Stay tuned. Generalized solution on the way... (rather get the full
doc done then toss out fragments that may be misunderstood, etc.)
 
> > And on a practical level, one would not necessarily expect URI 
> > encoded literals to act as the subject of statements, or to
> > serve as indirect identifiers of other resources, even if 
> technically
> > they could be coerced to do so (and regardless of whether they
> > were guarunteed to be free of semantically vacuous variant forms).
> 
> Even if they are just objects of triples, you can run into problems.
> 
> Consider
> 
> #Susan #favorite-integer int:05 .
> #Susan #favorite-integer int:5 .
> 
> how is an RDF query system supposed to respond when asked 
> about Susan's
> favorite integers?

Good point. But again, that has nothing to do with the proposed encoding
of literals as URIs. The very same problem exists with

 #Susan #favorite-integer "05" .
 #Susan #favorite-integer "5" .
 
Right?

In any case, with literals as URIs, one can enforce that e.g. "05" is
not legal and thus achieve a more robust system (even if the only
action is to signal an error and/or disregard the statement).

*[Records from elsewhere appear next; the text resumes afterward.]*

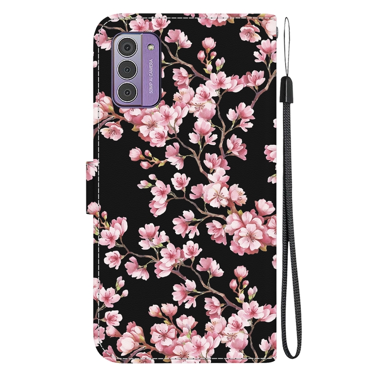 Funda de Cuero para Nokia G42 con Dibujo Coloreado y Textura de Cristal (Flor de Ciruelo)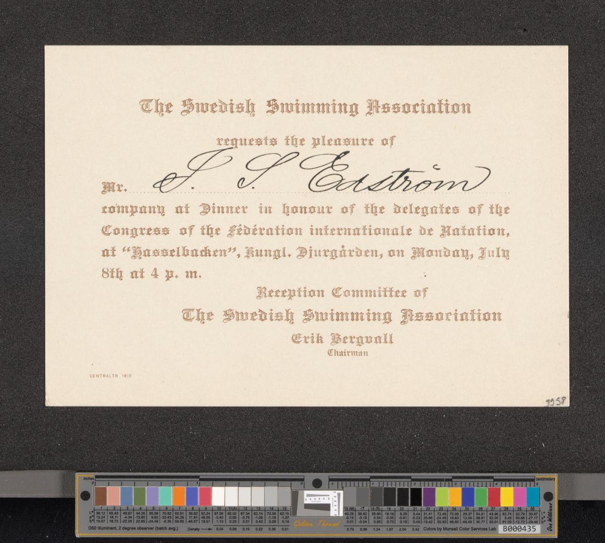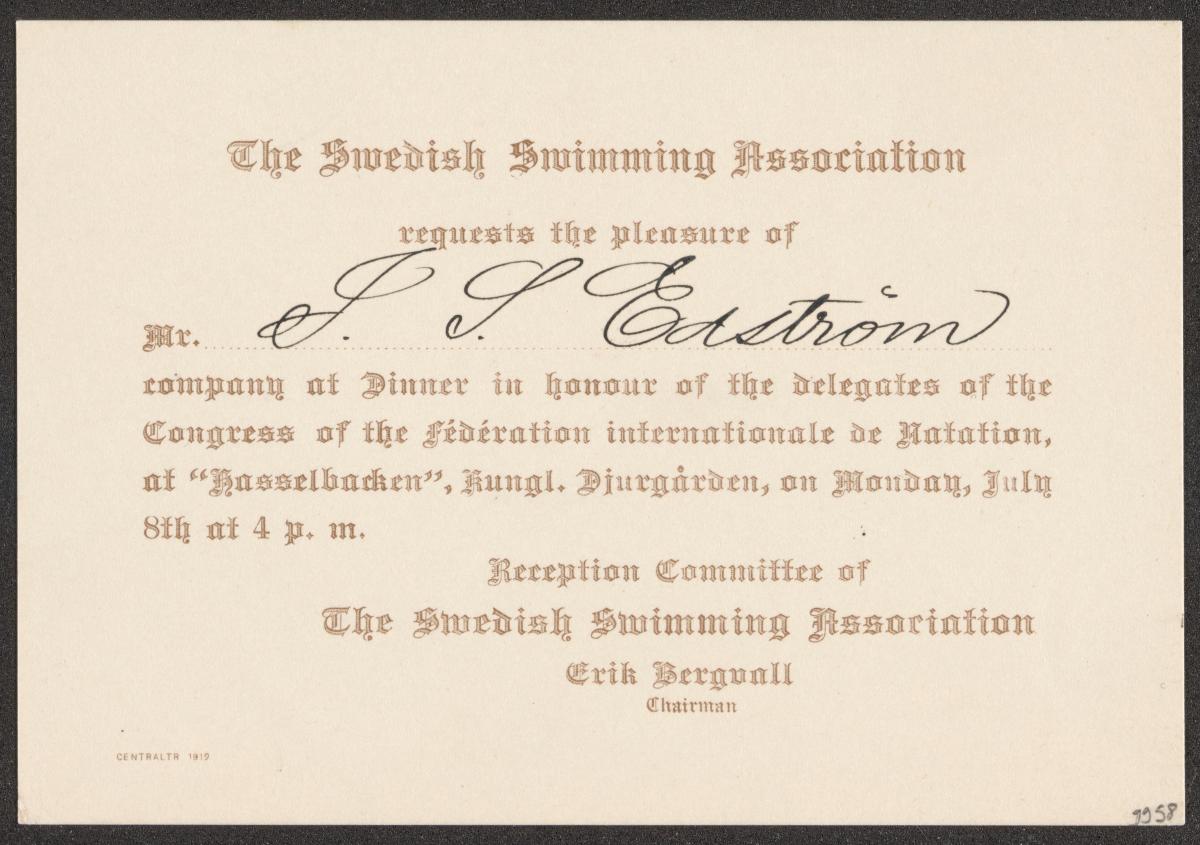 Rectangular invitation card, text: "The Swedish Swimming Association / requests the pleasure of / Mr. J. S. Edström / company at Dinner in honour of the delegates of the / Congress of the Fédération Internationale de Natation, / at -Hasselbacken-, Kungl. Djurgarden, onMonday, July / 8th at 4 p. m.".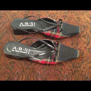 Snappy little mules, made in Italy. Fabric toe is black, blue, red, yellow, & white plaid. Heel is 1.5". Worn only a few times, but bottom of soles is scratched. I scratched them to add some grip. I never thought I'd be selling them and never imaged an app like Posh. Uppers and heels are still immaculate!!

Stay tuned...  (the more I write here the slower I write "there")...

> > URIs to an RDF processor are just opaque, globally unique 
> identifiers. 
> > An RDF processor does not, and should not have to 
> understand anything 
> > about any URI, insofar as the semantics of the URI or URI 
> scheme themselves 
> > are concerned (I stress that last clause of the assertion, 
> re-read as
> > needed). 
> 
> Again, if the RDF processor does not understand something 
> about the URI
> scheme then it has not captured anything about the URI 
> scheme.  If these
> strange URIs are not given some sort of theory, and the part 
> of that theory
> that makes a difference to RDF is not followed by an RDF 
> processor, then
> you have not captured the meaning of the URI scheme.  (You 
> may think that
> RDF is so expressively impoverished that it doesn't need to 
> know about any
> part of the theory, but this is just not so.)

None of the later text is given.